Similar to skydiving, space diving is the act of jumping from an aircraft or spacecraft in near space and falling towards Earth. The Kármán line is a common definition as to where space begins, 100 km (62 mi) above sea level. This definition is accepted by the Fédération Aéronautique Internationale (FAI), which is an international standard setting and record-keeping body for aeronautics and astronautics. The United States Air Force uses 50 nautical miles (300,000 feet) to award astronaut wings.

No successful space dives (above 100 km) have been completed to date. Alan Eustace holds the current world record for highest and longest-distance free fall jump, which he set in 2014 when he jumped from 135898 ft.
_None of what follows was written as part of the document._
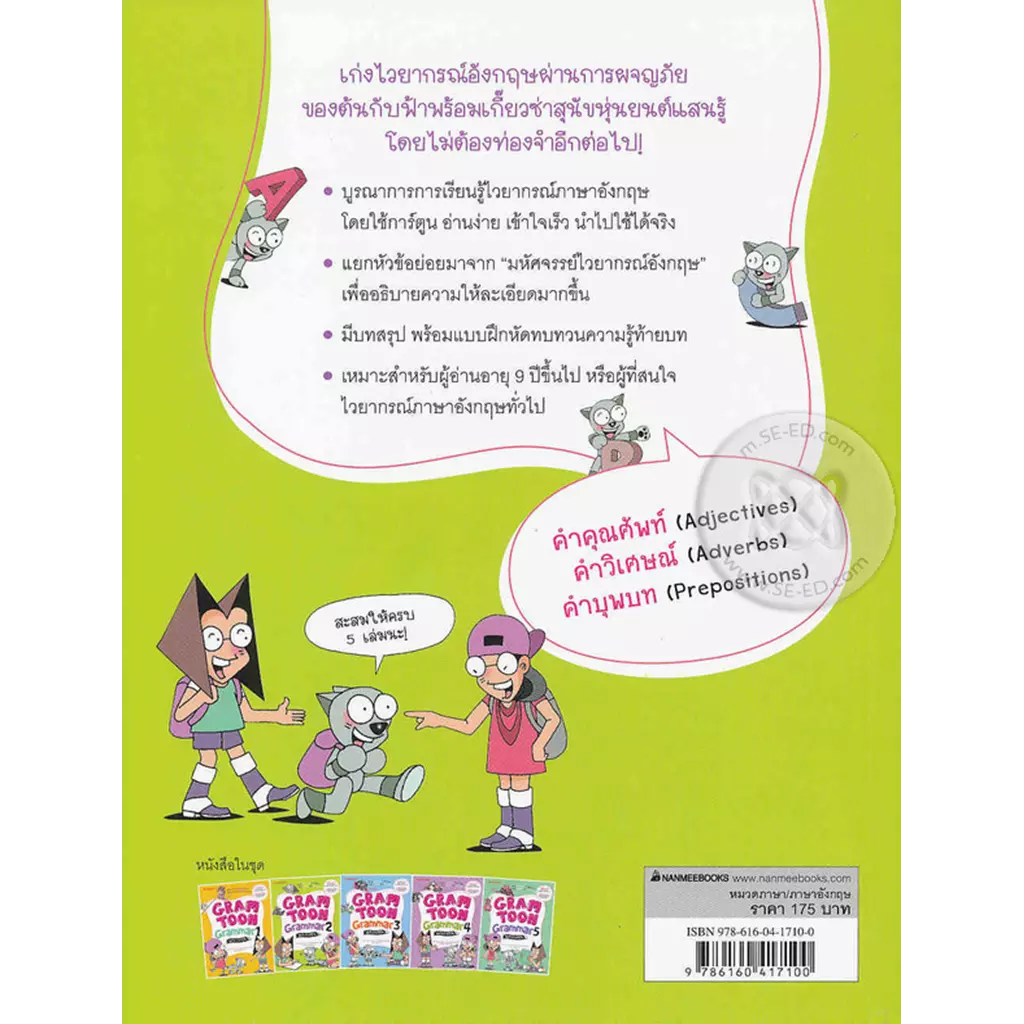 เก่งไวยากรณ์อังกฤษผ่านการผจญภัยของ “ต้น” กับ “ฟ้า” พร้อม “เกี๊ยวซ่า” สุนัขหุ่นยนต์แสนรู้ โดยไม่ต้องท่องจำอีกต่อไป! หนังสือเล่มนี้ได้รวมเนื้อหาไวยากรณ์ขั้นพื้นฐานเรื่อง คำคุณศัพท์ (Adjectices) คำวิเศษณ์ (Adverbs) และคำบุพบท (Preposition) โดยอธิบายหลักการใช้แบบเข้าใจง่าย ใช้ได้เร็ว พร้อมสรุปเนื้อหาและแบบฝึกหัดท้ายบทช่วยทบทวนความเข้าใจอย่างครบถ้วน เหมาะสำหรับเด็กที่เริ่มเรียนภาษาอังกฤษ ไปจนถึงผู้ใหญ่ที่ต้องการทบทวนไวยากรณ์ภาษาอังกฤษ รับรองได้ว่าคุณผู้อ่านจะสนุกสนานไปกับการเรียนรู้จนวางไม่ลงเลยทีเดียว!

Higher jumps from the mesosphere or thermosphere have yet to be successfully performed, though Orbital Outfitters, now defunct, was working to create a suit intended to enable space diving. Space diving from beyond the stratosphere was first imagined in 1934, appearing in E. E. Smith's science fiction novel Triplanetary.

==History==
In the Second World War, flying aircraft at altitudes above 40,000 feet (12 km) had become commonplace. The US Air Force conducted research to find out how aircrew could be safely recovered during aircraft malfunctions at those altitudes from 1943. Military aircraft capable of flying in near space were developed and used soon after the war, presenting the Air Force with the challenge of dealing with bailout scenarios at very high altitudes. During Project High Dive, during which the Air Force dropped anthropomorphic measuring devices from extreme altitudes, it found out that the low air density caused the dummies to enter a violent spin that is unsurvivable for humans. This and the beginning of the Space Race prompted the Air Force to move ahead with Project Excelsior, testing the effects of space-like environments on humans. This project would result in the first stratospheric dive in history.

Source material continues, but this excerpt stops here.